After disclosing in April that it lost 200,000 subscribers, leading to a steep drop in its share price, all eyes were on Netflix Tuesday, with Wall Street, Hollywood and the media world all hyper-focused on its subscription numbers. The company’s shares had dropped dramatically during a nightmare year.
But Netflix’s second quarter profit came in at $1.4 billion, up from $1.3 billion in the year-earlier quarter. Revenue jumped roughly 8.6% year over year, to $7.9 billion.
Netflix’s biggest subscriber loss came from its biggest market, the United States and Canada, where the streamer said it lost 1.3 million users in the second quarter. But that was offset by increased subscriptions elsewhere.
“Our challenge and opportunity is to accelerate our revenue and membership growth by continuing to improve our product, content, and marketing as we’ve done for the last 25 years, and to better monetize our big audience,” the company said Tuesday in its letter to investors. “We’re in a position of strength given our $30 billion-plus in revenue, $6 billion in operating profit last year, growing free cash flow and a strong balance sheet.”
Running back up the hill
Netflix (NFLX) needs this type of result right now. The most recent quarter showed the biggest subscriber loss in its 25-year history, but even that could be considered a win for the company right now that the numbers came in much lower than expected.

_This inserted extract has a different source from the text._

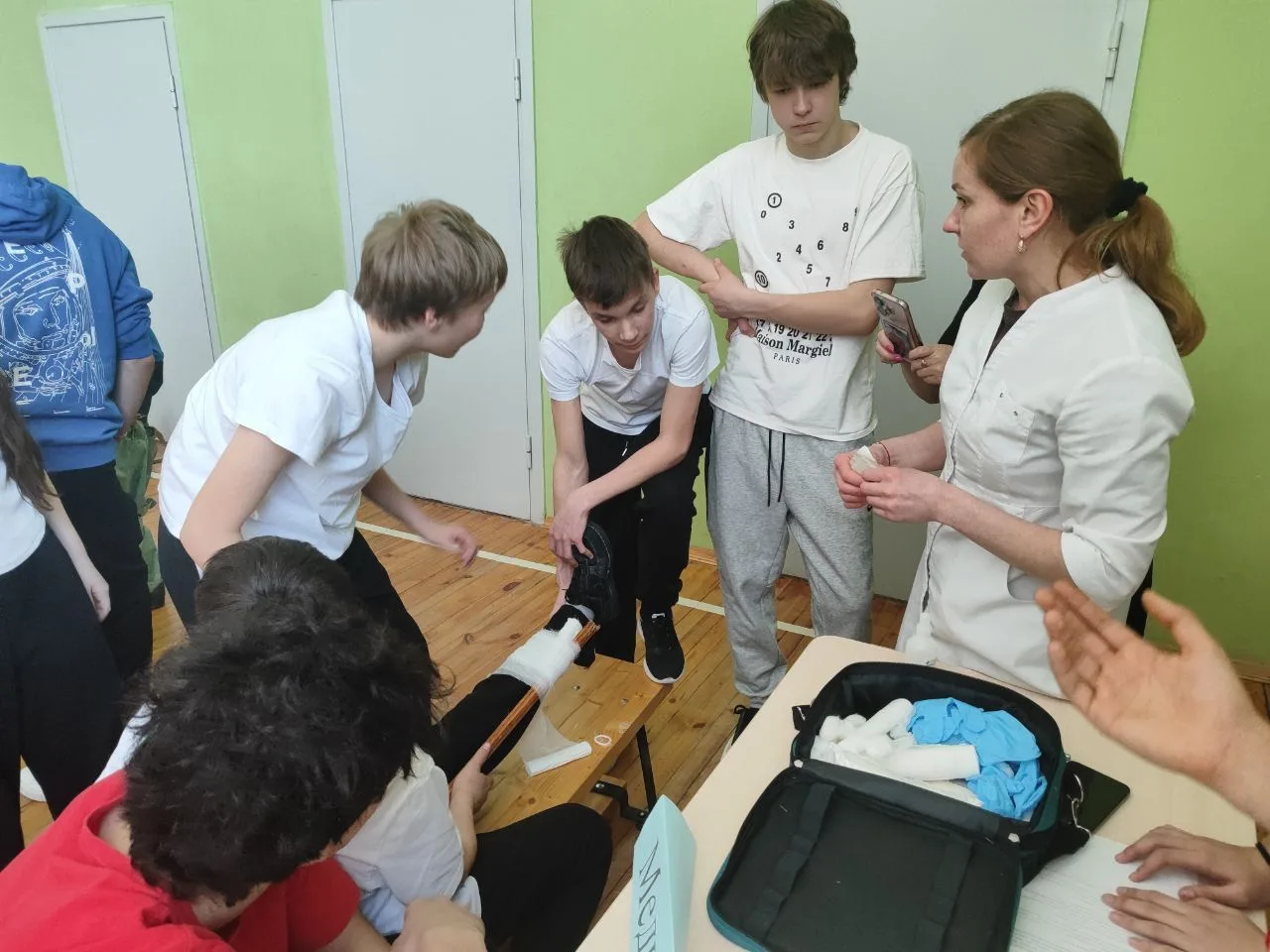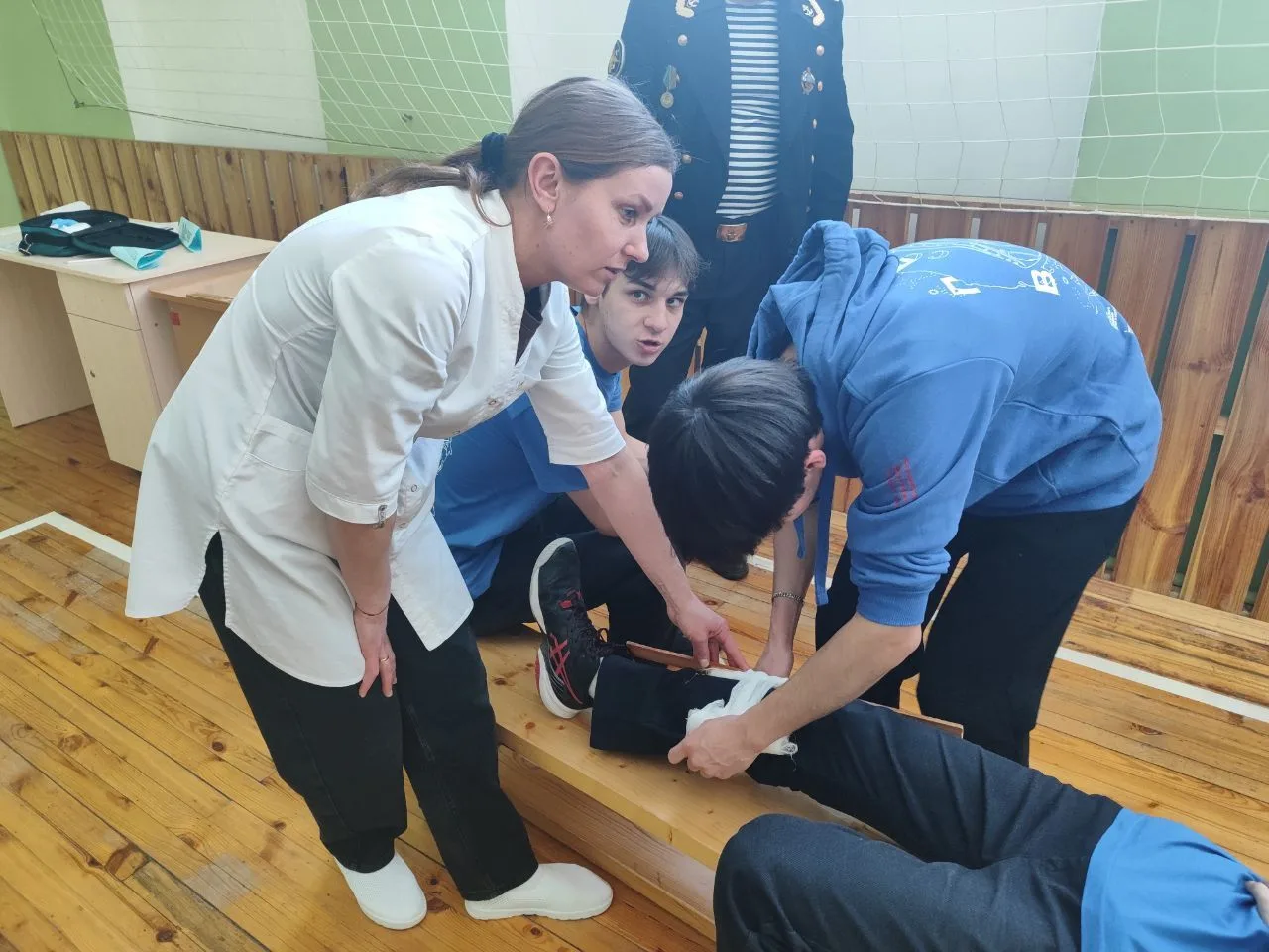 ⚡️физические упражнения включали подтягивания и тренировку пресса, способствуя развитию физической выносливости. - На площадке оказания первой помощи;

In April’s earnings report, the company disclosed that it lost subscribers for the first time in more than a decade. Its stock tumbled, hundreds of employees were laid off and doubts ran rampant about the company’s future — and about the streaming business as a whole.
On Tuesday, those concerns all but vanished as investors were pleasantly surprised that the losses weren’t worse, and cheered with the company’s projection that it will see growth in the third quarter.
One thing that likely helped the Netflix subscriber count from falling further in the second quarter: The fourth season of its science fiction horror series “Stranger Things,” which was wildly popular.
“In its first four weeks, ‘Stranger Things’ season four generated 1.3 billion hours viewed, making it our biggest season of English [language] TV ever,” the company said.
The streamer’s results Tuesday still showed losses for a company that needs to grow. Yet, after the last hellish months for Netflix, the company and really all of streaming can breathe a sigh of relief. And the company got some breathing room to right the ship without the pressures of a plummeting stock or negative press.
Long-term solutions
On Tuesday, Netflix explained to investors how it plans to keep the company on the right track.
“In the near term, a key priority to re-accelerate revenue growth is to evolve and improve our monetization,” Netflix said in its shareholders letter.
In the early days of streaming, Netflix kept its “pricing very simple with just one plan level” before introducing multiple pricing tiers in 2014, the company wrote. Going forward it will “focus on better monetizing usage through both continued optimization of our pricing and tiering structures.”
That includes a new, lower-price tier that will be supported by advertisements, which will “complement our existing plans.” The company said it expects to launch the plan “around the early part of 2023.”
It was reported last week that Netflix would partner with Microsoft (MSFT) on building this new ad tier.
“They are investing heavily to expand their multi-billion advertising business into premium television video, and we are thrilled to be working with such a strong global partner,” Netflix said. “Our advertising business in a few years will likely look quite different than what it looks like on day one.”
Netflix also spoke about clamping down on password sharing, saying that it’s in the “early stages of working to monetize the [more than] 100 million households that are currently enjoying, but not directly paying for, Netflix.”
“We know this will be a change for our members,” the company said. “Our goal is to find an easy-to-use paid sharing offering that we believe works for our members and our business that we can roll out in 2023.”